Second, excessive prices have recently come under the radar of the Commission and various national competition authorities, especially in the pharmaceutical sector. The standard test was first established in the United Brands case. This test consists of determining whether the difference between the costs incurred and the price actually charged is excessive, and, if the answer to this question is yes, whether the price was unfair either in itself or when compared with competing products (Case C-27/76, United Brands v Commission, 1978, paragraph 252). As already mentioned (see question 5), the Commission opened a formal investigation into Aspen Pharma to determine whether this company abused its market position by imposing high prices on oncological drugs.Sector-specific issues
To what extent can the specific features of the pharmaceutical sector provide an objective justification for conduct that would otherwise infringe antitrust rules?

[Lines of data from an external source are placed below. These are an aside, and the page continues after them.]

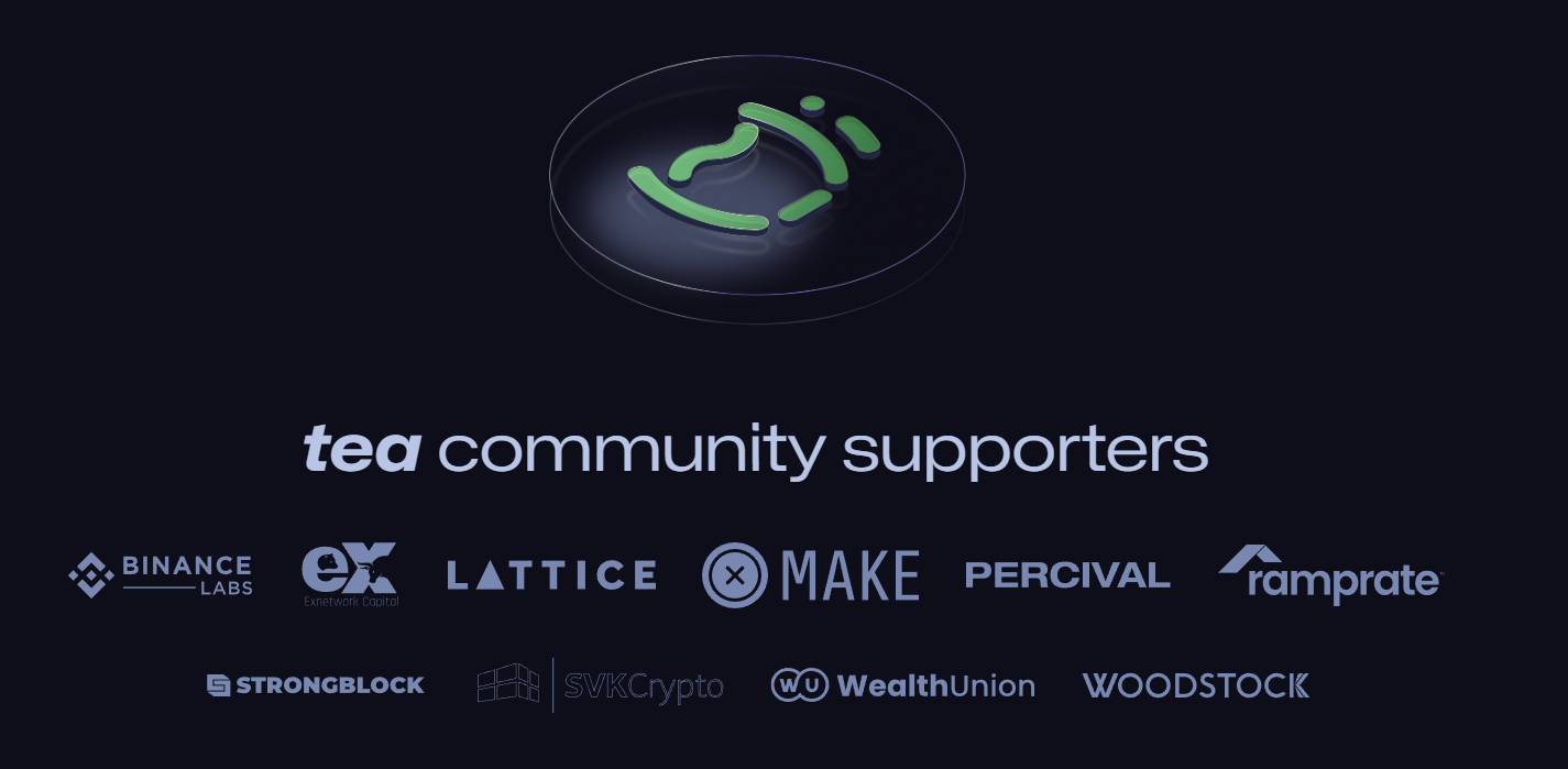 Среди спонсоров tea находятся такие платформы и компании как: Binance Labs, Exnetwork Capital, LATTICE, Xmake, PERCIVAL, ramprate, Strongblock, SVKCrypto, WealthUnion, WOODSTOCK.
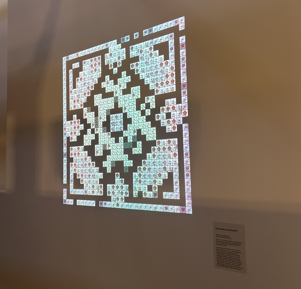 This work reflects on the profound grief and the impossibility of memorialising the over 17,400 Palestinian children killed in the ongoing war on Gaza. Drawing from the traditional Gazan embroidery motif Qamar el-Damoua’ (قمر الدموع), or “Moon of Tears,” the work reimagines this cross-stitched pattern through the blooming of native red poppies (Anemone coronaria), known in Palestinian folklore as Al-Dahnoon (الدحنون). It is believed these flowers sprout where martyrs have fallen.
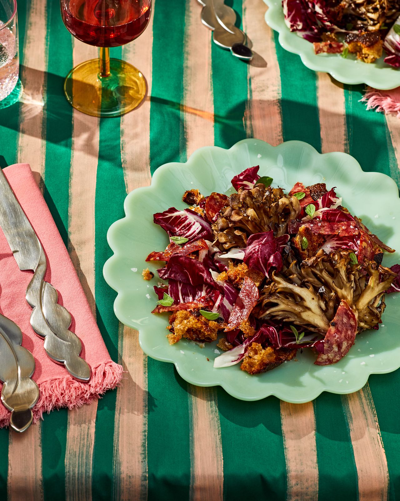 肉質飽滿的舞茸菇有着美妙的褶皺邊緣,烤制後酥脆可口。最後淋上加入辣味意式臘腸和香草酸麪包丁的熱油醋汁。點擊此處獲取食譜。
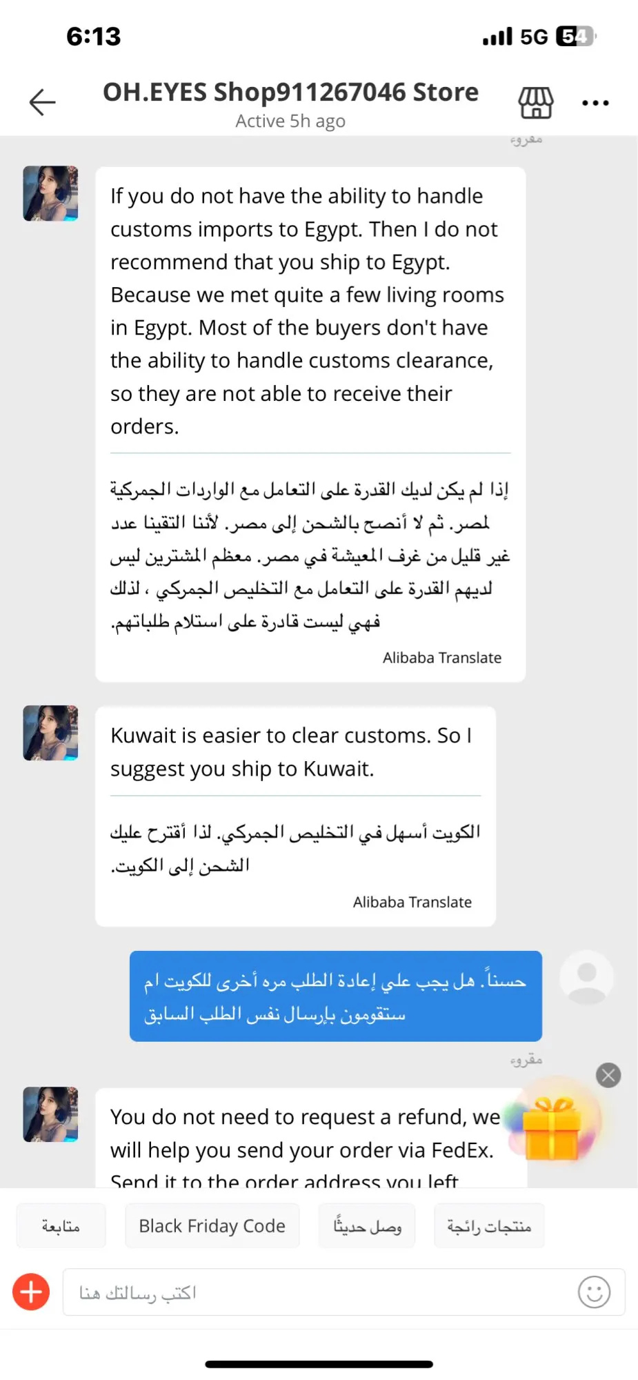 Во @-@ первых: магазин задержал отгрузку продукта, что привело к задержке получения более чем на 9 дней от согласованного. Второе: Я спросил продавца о возможности отправки камер в Египет вместо Кувейта, и его ответ был таким, что Египет будет очень сложным в процедурах таможенного оформления для отгрузки и что лучше задержка товара и книга на таможне Kuwaiti после того, как продавец заверил меня, что доставка бесплатная. Я был удивлен стоимостью дополнительной доставки, рассчитанной на более чем 1 $0, и я должен заплатить, иначе груз будет уничтожен. Когда я попросил продавца снова принять груз в Китай, чтобы вернуть свои деньги, он сказал мне, что я заплачу за отправку груза обратно в Китай, а не за продавца. В дополнение к плохому способу обращения с продавцом от клиентов и отсутствия уважения или оценки клиента и лжи в предоставлении правильной информации клиенту О таможне и лжи в то время я никому не советую иметь дело с этим продавцом в любой его продукции, потому что то, что он пишет в рекламе, противоречит действительности.

Specific features of the pharmaceutical sector may be put forward to justify conduct that might otherwise be considered as infringing articles 101 or 102 of the TFEU. For example, it is generally admitted that pharmaceutical companies may implement allocation systems to protect their own legitimate commercial interests, despite the fact that such systems entail a restriction on parallel trade. The ECJ held in that respect that a pharmaceutical company holding a dominant position on the market could, to protect its commercial interests, refuse to sell its drugs to wholesalers it suspected of being involved in parallel trade, if their orders were out of the ordinary (ECJ, Sot Lélos kai v GSK, 2008, C-468/06 to C-478/06).
However, public health or public safety considerations may not always work as an objective justification. For example, the recent ECJ judgment in the Roche/Novartis case concerning the off-label use of Avastin in the ophthalmic field illustrates the fact that compliance with regulatory obligations relating to pharmacovigilance and safety risks does not necessarily exclude the characterisation of an anticompetitive conduct (Case C-179/16, F Hoffmann-La Roche Ltd v AGCM, 2018).